Highly functionalized complex molecules are key tools for promoting biochemical research and developing pharmaceuticals, because the network of chiralities, the positions of heteroatoms, and the direction of lone-pairs in the molecules correlate strictly with their biological activities. The unique pyrazolone heterocycles, five-membered-ring lactams containing N-N conjunction, are examples of highly functionalized complex molecules, which have been used for the development of fine chemicals (e.g., dyes, textile, photography, and cosmetics) and the pharmaceuticals (Figure 1) [1,2,3]. Anti-inflammatory activity has been studied on phenylbutazones [4,5,6]. BW357U shows anorectic activity [7]. Inhibitory activities of lipoxygenase and cyclooxygenase are also reported on phenidone and BW755C [8,9]. More complex bicyclic pyrazolo[1,2-a]pyrazolone derivatives exhibit diverse bioactivities, and utilized as antibacterial agents, herbicides, pesticides, antitumor agents, calcitonin agonists, and potent drugs to relieve Alzheimer’s disease. LY173013 and LY186826 are the representative examples of antibacterial agents, which have been developed as the analogues of penicillin and cephalosporin antibiotics [10,11,12,13,14].

Figure 1

Representative examples of biologically active pyrazolone heterocycles.

For accessing the fascinating bicyclic pyrazolo[1,2-a]pyrazolone skeleton, the [3+2] cycloaddition of azomethine imines has apparent advantage for the straightforward construction of the core structure (Scheme 1) [15,16,17,18,19,20,21,22,23,24,25,26,27,28,29]. Due to the importance of these molecules on the biological study, the synthesis of these molecules in chiral form is highly demanded. In 2003, Fu et al. succeeded in the first catalytic asymmetric cyclization of azomethine imines and terminal alkynes using phosphaferrocene-oxazoline-CuI catalyst [30]. After the pioneering work of Fu’s group [30,31], several remarkable catalytic asymmetric [3+2] cyclizations using azomethine imines were reported by Sibi [32], Maruoka [33], Suga [34], and Chen [35,36].

Scheme 1

General scheme of [3+2] cycloaddition of azomethine imines.

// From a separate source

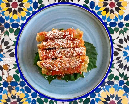 Estos antojitos "enrolladitos" de tortilla de maíz, bañados en salsa de jitomate, se disfrutan en desayunos, comidas o como botana en cantinas.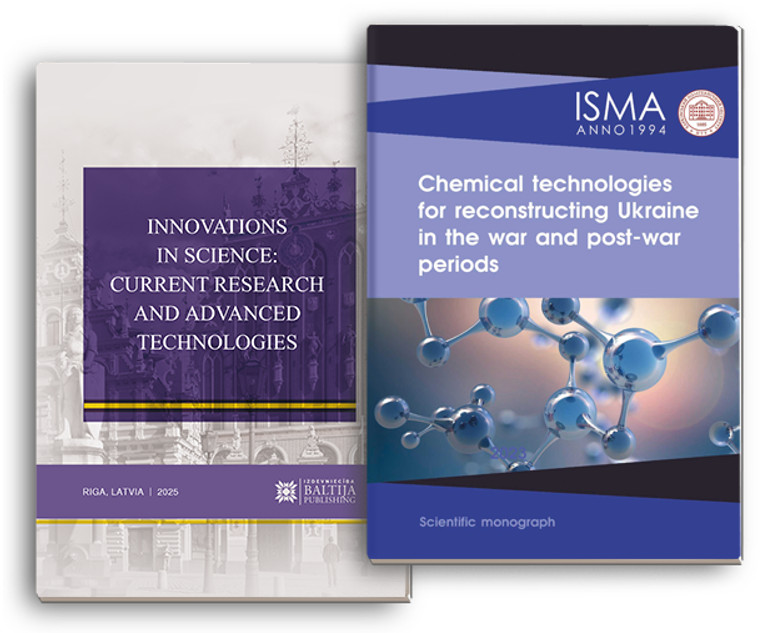- Kanunnikova N., Dobrozhan A. Methods of obtaining metal-oxide coatings on metallic surfaces and their features / Innovations in science: current research and advanced technologies : Scientific monograph. Part 1. Riga, Latvia : Baltija Publishing, 2025, 1–25. . https://doi.org/10.30525/978-9934-26-531-0-1

In 2010 we succeeded in the development of bis(imidazolidine)pyridine, abbreviated as PyBidine, for the catalytic asymmetric [3+2] cycloaddition of iminoesters with nitroalkene (Scheme 2) [37]. We envisioned that the new chiral PyBidine ligand would have wide potential to promote various asymmetric reactions, and the [3+2] cycloaddition using azomethine imines was set to study for constructing the fascinating bicyclic pyrazolo[1,2-a]pyrazolones in this report.

Scheme 2

Asymmetric [3+2] cycloaddition catalyzed by PyBidine-Cu(OTf)2 complex.

2. Results and Discussion

The study started with an exploration of the most appropriate metal salts for the [3+2] cycloaddition of azomethine imines with ethyl propiolate (Table 1).

Table 1

Catalyst activity of PyBidine-metal salt complex for [3+2] cycloaddition of azomethine imine with ethyl propiolate.

Entry	Metal salt	Time (h)	Yield (%)	ee (%)
1	CuI	3	99	44
2	CuBr	5	80	60
3	CuOAc	2	99	60
4	Cu(OAc)2	3	99	46
5	Cu(OTf)2	24	69	21
6	Co(OAc)2	31	trace	-
7	Ni(OAc)2	32	trace	-
8	Zn(OAc)2	50	trace	-

As reported in the former papers [30,31], Cu(I) salt showed good catalytic activity, and the PyBidine-CuI gave the product in 99% yield with 44% ee (rt, 3h). The PyBidine-CuOAc complex improved catalyst activity to give the product in 99% yield with 60% ee (entry 3). It was noteworthy that the Cu(II) salts also had catalyst activity, although the stereoselectivities of the product were reduced [27]. Because the other PyBidine-metal complex derived from the divalent acetate salts of the first row transition metals (Ni(OAc)2, Co(OAc)2, and Zn(OAc)2) gives traces of product, the copper element has unique and essential role for the [3+2] cycloaddition using azomethine imines. In all cases we examined, (S, S, S, S)-PyBidine-Cu catalyst gave the (R)-enriched product.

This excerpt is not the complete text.